Companies are no longer tolerant of security-and-compliance teams telling them they cannot go to the cloud. The benefits of cloud technologies are too many to ignore in a business strategy: commodity pricing, flexible scaling, low staff needs, and (for SAAS) a rent-to-own model.
Risk teams must learn how to adapt to the cloud environment, which means changing how they measure and respond to risk in cloud situations. Risk leaders who refuse to make this change are likely to find themselves irrelevant in their organization, suffering not only career immobility but also standing on the sidelines as they watch their company take on increasing risk with little or no care for mitigation.

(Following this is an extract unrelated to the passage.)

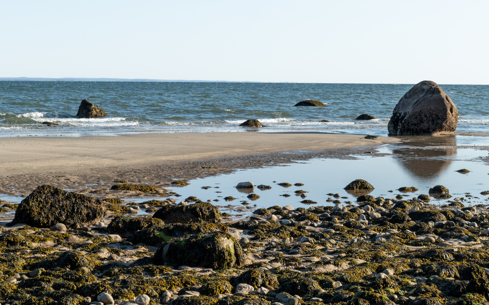 I found this array of boulders suggestive, the large rock to the middle right suggesting a parent keeping a guarding eye on their children playing in the water, with the smaller rocks in the lower left toys and coolers awaiting the children's return back on shore.

Risk leaders should follow four steps to help their companies adopt cloud technologies while minimizing overall risk:
  1. Adopting and adapting application-security-assessment tools. Questionnaires for cloud services need to go beyond the standard set of questions and dig into important questions like framework compliance, monitoring/reporting, and even secure-development practices. By devising (or revising) questionnaires that help uncover where risk will be transferred successfully, where the client will need to mitigate risk, and where risk will be accepted, teams enable their companies to benefit from cloud efficiencies while retaining relevance in the conversation.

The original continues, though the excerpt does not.